• RECORDS SUPPLIED:
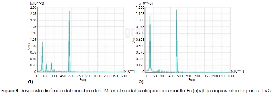 Como se puede observar, en cada figura existen pocos picos de amplitud y el mayor valor fue obtenido para la frecuencia de 5,575 Hz. Por tanto, se puede concluir que la ligadura entre la MT y el martillo influye de manera significativa en la respuesta en frecuencia del modelo. Así la presencia de esta ligadura en el modelo aumenta el valor de los picos de frecuencia, obteniéndose valores por encima de los 5 KHz como en el caso anterior. Por otra parte, en la Figura 8a, b, se muestran los resultados de las modelaciones de los puntos situados sobre el manubrio, en (a) se muestra el análisis del punto 1 (umbo) y en (b) la respuesta en frecuencia del punto 3.
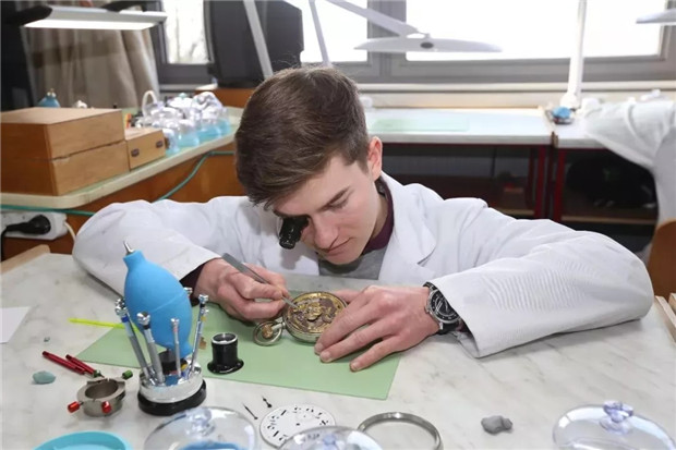 钟表专业是纳穆尔技术与手工艺学校的特长专业,是培养比利时“钟表师”的摇篮。记者在钟表工艺专业教室见到了20岁的亚历山大。亚历山大的爷爷是钟表匠,父亲是古旧家具修理工,家里有从事手工业的“传统”。亚历山大外表看上去老成持重,但那只是欺骗人的假象——他从小就是个“破坏狂”。据他讲,小时候家里没有一件完整的“机器”,钟表、收音机、照相机,凡是带响的都被他拆解。父母没办法,小学毕业后,决定把他送到技术与手工艺学校,让他学会如何把小时候拆卸的东西都重新装好!而这也恰好极大地满足了亚历山大的好奇心。一入校,小亚历山大就跑到“钟表工艺教室”,墙上挂的滴滴答答的各类钟表和工作台上琳琅满目的精巧工具让他眼睛发亮。他东摸西碰,仿佛进入了钟表童话王国。当然,很快就被高年级学生赶出教室。学校规定,学习钟表专业要打好理论基础,钟表制作和修复专业只能从初三开始。因此,亚历山大不得不“耐心地”学完了全部的基础专业技能课程。亚历山大在回忆这段经历时说,不能把职业技术学校视为“简单和平淡”,任何一门技能都要有长期积累的过程,欲速则不达。
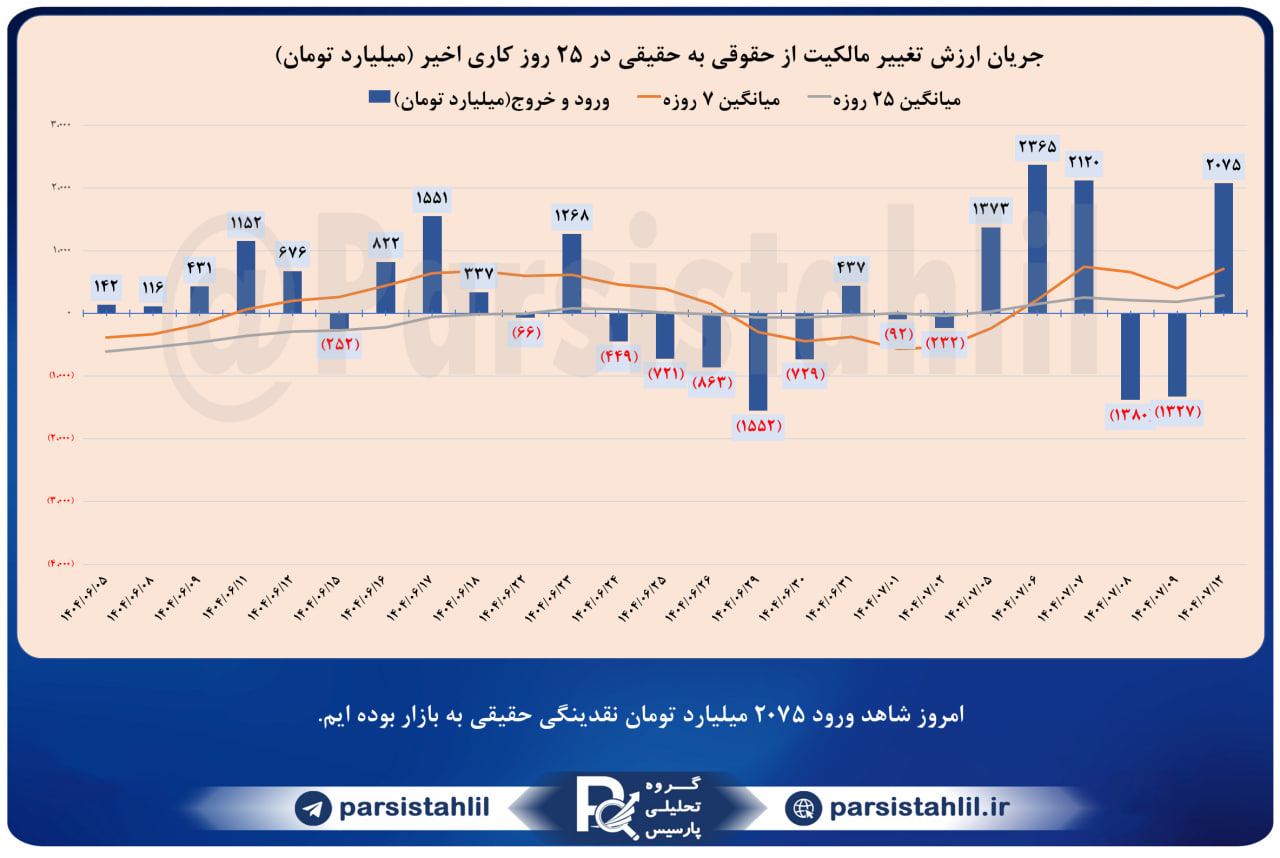 در بازار امروز 1404/07/12 مجموعا مبلغ 2075 میلیارد تومان ورود حقیقی به بازار داشته ایم. (سهام + حق تقدم + صندوق های قابل معامله سهامی)
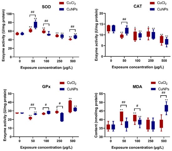 Activity of antioxidative enzymes in zebrafish embryos after treatment with different concentrations of CuCl2 and CuNPs for 96 h. The experiment was performed in triplicate with N = 60 for each treatment. Data are mean ± SD. * Denotes significant difference versus the control (* p < 0.05, ** p < 0.01). # Denotes significant difference between CuCl2 and CuNPs groups (# p < 0.05, ## p < 0.01).
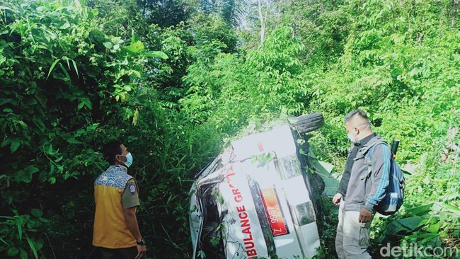 Satu unit ambulans terjun ke jurang sedalam 60 meter di Garut, Jawa Barat. Ambulans masuk jurang diduga karena tak kuat menanjak.

• ASSIGNMENT:
Reproduce the material in full, word for word, and omit the pictures.

• THE COMPLETED TASK:
 Como se puede observar, en cada figura existen pocos picos de amplitud y el mayor valor fue obtenido para la frecuencia de 5,575 Hz. Por tanto, se puede concluir que la ligadura entre la MT y el martillo influye de manera significativa en la respuesta en frecuencia del modelo. Así la presencia de esta ligadura en el modelo aumenta el valor de los picos de frecuencia, obteniéndose valores por encima de los 5 KHz como en el caso anterior. Por otra parte, en la Figura 8a, b, se muestran los resultados de las modelaciones de los puntos situados sobre el manubrio, en (a) se muestra el análisis del punto 1 (umbo) y en (b) la respuesta en frecuencia del punto 3.
 钟表专业是纳穆尔技术与手工艺学校的特长专业,是培养比利时“钟表师”的摇篮。记者在钟表工艺专业教室见到了20岁的亚历山大。亚历山大的爷爷是钟表匠,父亲是古旧家具修理工,家里有从事手工业的“传统”。亚历山大外表看上去老成持重,但那只是欺骗人的假象——他从小就是个“破坏狂”。据他讲,小时候家里没有一件完整的“机器”,钟表、收音机、照相机,凡是带响的都被他拆解。父母没办法,小学毕业后,决定把他送到技术与手工艺学校,让他学会如何把小时候拆卸的东西都重新装好!而这也恰好极大地满足了亚历山大的好奇心。一入校,小亚历山大就跑到“钟表工艺教室”,墙上挂的滴滴答答的各类钟表和工作台上琳琅满目的精巧工具让他眼睛发亮。他东摸西碰,仿佛进入了钟表童话王国。当然,很快就被高年级学生赶出教室。学校规定,学习钟表专业要打好理论基础,钟表制作和修复专业只能从初三开始。因此,亚历山大不得不“耐心地”学完了全部的基础专业技能课程。亚历山大在回忆这段经历时说,不能把职业技术学校视为“简单和平淡”,任何一门技能都要有长期积累的过程,欲速则不达。
 در بازار امروز 1404/07/12 مجموعا مبلغ 2075 میلیارد تومان ورود حقیقی به بازار داشته ایم. (سهام + حق تقدم + صندوق های قابل معامله سهامی)
 Activity of antioxidative enzymes in zebrafish embryos after treatment with different concentrations of CuCl2 and CuNPs for 96 h. The experiment was performed in triplicate with N = 60 for each treatment. Data are mean ± SD. * Denotes significant difference versus the control (* p < 0.05, ** p < 0.01). # Denotes significant difference between CuCl2 and CuNPs groups (# p < 0.05, ## p < 0.01).
 Satu unit ambulans terjun ke jurang sedalam 60 meter di Garut, Jawa Barat. Ambulans masuk jurang diduga karena tak kuat menanjak.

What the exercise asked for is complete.